Sexta-feira, 24 de Outubro de 2014
ISSN 1980-4288

Indenização por danos morais. Prescrição.

Fonte: Tribunal Superior do Trabalho - TST.


Tribunal Superior do Trabalho - TST.

INDENIZAÇÃO POR DANOS MORAIS. PRESCRIÇÃO.

1. Observada a natureza civil do pedido de reparação por danos morais, pode-se concluir que a indenização deferida a tal título em lide cujo trâmite deu-se na Justiça do Trabalho não constitui crédito trabalhista, mas crédito de natureza civil resultante de ato praticado no curso da relação de trabalho. Assim, ainda que justificada a competência desta Especializada para processar a lide, não resulta daí, automaticamente, a incidência da prescrição trabalhista.

2. A circunstância de o fato gerador do crédito de natureza civil ter ocorrido na vigência do contrato de trabalho e decorrer da prática de ato calunioso ou desonroso praticado por empregador contra trabalhador não transmuda a natureza do direito, uma vez que o dano moral caracteriza-se pela projeção de um gravame na esfera da honra e da imagem do indivíduo, transcendendo os limites da condição de trabalhador do ofendido. Dessa forma, aplica-se, na hipótese, o prazo prescricional de 20 anos previsto no artigo 177 da lei civil, em observância ao artigo 2028 do novo Código Civil Brasileiro, e não o previsto no ordenamento jurídico-trabalhista, consagrado no artigo 7º, XXIX, da Constituição Federal.
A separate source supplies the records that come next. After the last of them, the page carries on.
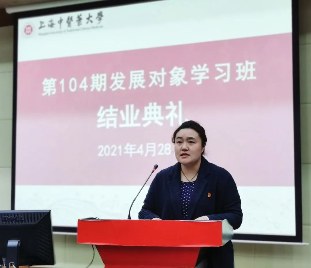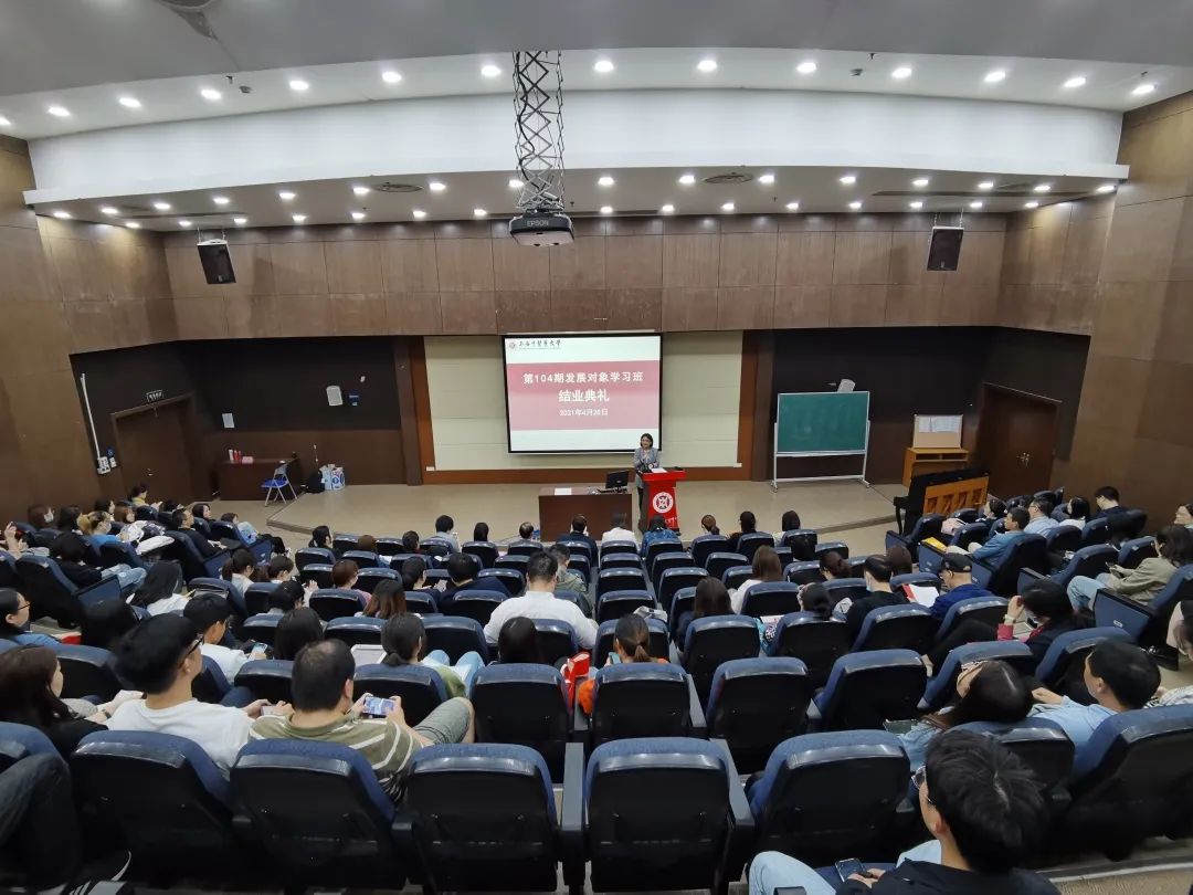 4月28日下午,校第104期发展对象培训班结业典礼在6504举行。校组织(统战、党校)副部长严月华、校组织部组织员千英信、护理公司党总支书记史美育、中药公司党委副书记沈漫、公共健康公司党总支副书记干旦峰及培训班班主任、指导老师等出席会议。会议由培训班班主任、伟德组织员何丹丹主持。
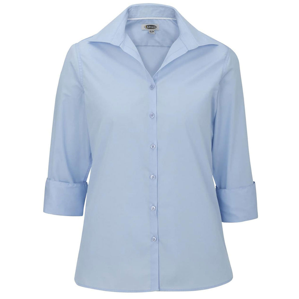 Your company logo will pop on the Edwards Women's Blue Lightweight Poplin Shirt made of lightweight polyester and cotton. The 3/4 sleeve blouse has an open neck with contoured side seams and back darts making it fashionable enough to be used as corporate apparel. Machine washable and wrinkle resistant means all day wear of this shirt will still have you looking and feeling great. Try out a custom logo to use at special events or to show support for a specific organization. The simple button-up is stylish and easy to care for no matter what your day holds.Highlights
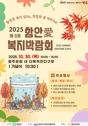 [경남도민뉴스=권중환 기자] 함안군과 함안군지역사회보장협의체는 오는 30일 오전 10시 함주공원 다목적잔디구장에서 ‘제6회 함안애(愛) 복지박람회’를 개최한다고 밝혔다.
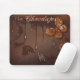 Yummy mousepad features a rich melting edge of chocolate over a deep brown background of chocolate leaves and butterfly. Text says I Love Chocolate.
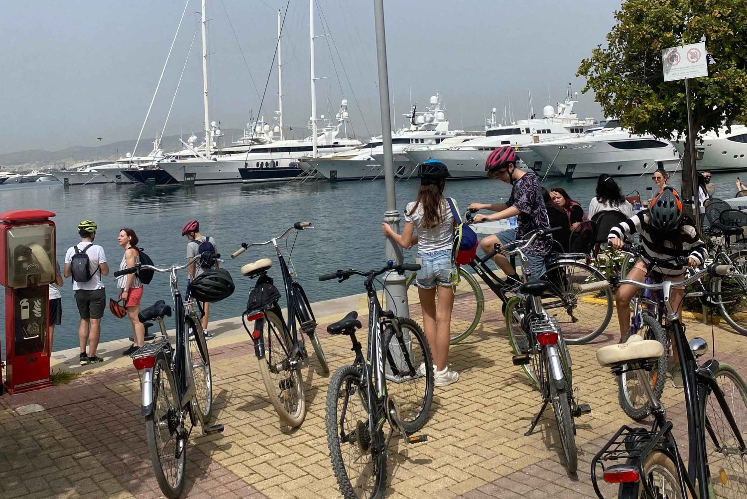 Wysokiej jakości rower Kask ochronny Doświadczony lokalny przewodnik Wycieczka z przewodnikiem po greckich dzielnicach Malownicza przejażdżka wzdłuż wybrzeża Wizyta w parku Stavrosa Niarchosa Zatrzymaj się w Marina Flisvos Widok na historyczny pancernik Averof Zatrzymaj się na plaży, aby popływać i zrelaksować sięEasy cancellation
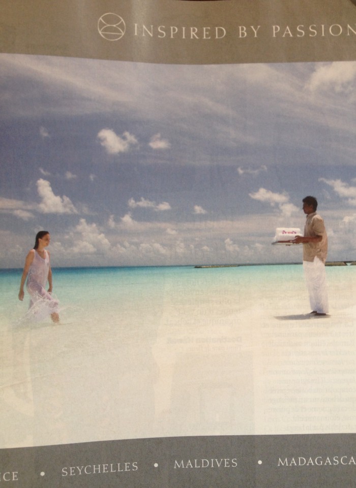 The lady is coming back from her bath in the sea toward the beach, where an attendant from the hotel is waiting with towels. How long has he been waiting? Is this really how employees attend to customers in Constance hotels and resorts? Is the customer offered a return to the old days of footmanship, when lackeys were at their master’s disposal night and day? Be that as it may, there is more to find in Constance hotels and resorts. The lady looks determinedly and eagerly at the local employee’s face. She wears a sort of nightdress, and that seems rather strange for sea bathing. As I can see no nuance in colors indicative of a bathing suit under that dress, and as the dress being white it has by necessity become transparent due to immersion in water, the lady is actually exhibiting herself to the employee facing her. In particular, her pubic hair must be conspicuous. Furthermore, if she is intent on using the towels, that will prove a futile exercise unless she removes the wet gown, that is, unless she undresses in front of the man. That the advert is coarse eroticism is not to deny. Why should it be called subliminal at all? It’s coarse, it’s vulgar, it’s in your face (not tongue in cheek), and it occurs while you may be under the fancy that you do your duty as a respectable member of the society by keeping informed of the news.
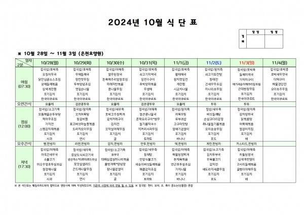 10월 다섯째 주 식단표 페이지 정보 작성자 은천노인복지회 작성일24-10-24 15:18 조회21,890회 댓글0건 관련링크 이전글 다음글 목록 답변 본문 . 이전글 다음글 목록 답변

Recurso de revista conhecido e provido.

Vistos, relatados e discutidos estes autos do Recurso de Revista nº TST-RR-1.189/2003-100-03-00.0, em que é Recorrente TOMÉ FERREIRA DE GUIMARÃES e são Recorridos V & M FLORESTAL LTDA. e BRADESCO SEGUROS S.A.

O egrégio Tribunal Regional do Trabalho da 3ª Região, por meio do acórdão de fls. 500-502, negou provimento ao recurso ordinário do Reclamante, mantendo inalterada a conclusão a respeito da incidência da prescrição bienal sobre o direito de ação, tendo em vista entender não ser aplicável, a este caso, o artigo 177 do Código Civil de 1916.

O Reclamante interpõe recurso de revista às fls. 515-523, pugnando pela incidência da prescrição vintenária prevista no artigo 177 do Código Civil de 1916. Indica violação do artigo 7º, XXIX, da Constituição da República e transcreve arestos para o confronto de teses.

O recurso de revista foi admitido pelo despacho de fl. 414.

Foram apresentadas contra-razões às fls. 529-533.

Os autos não foram remetidos à Procuradoria Geral do Trabalho, por força da disposição contida no artigo 82 do Regimento Interno do Tribunal Superior do Trabalho.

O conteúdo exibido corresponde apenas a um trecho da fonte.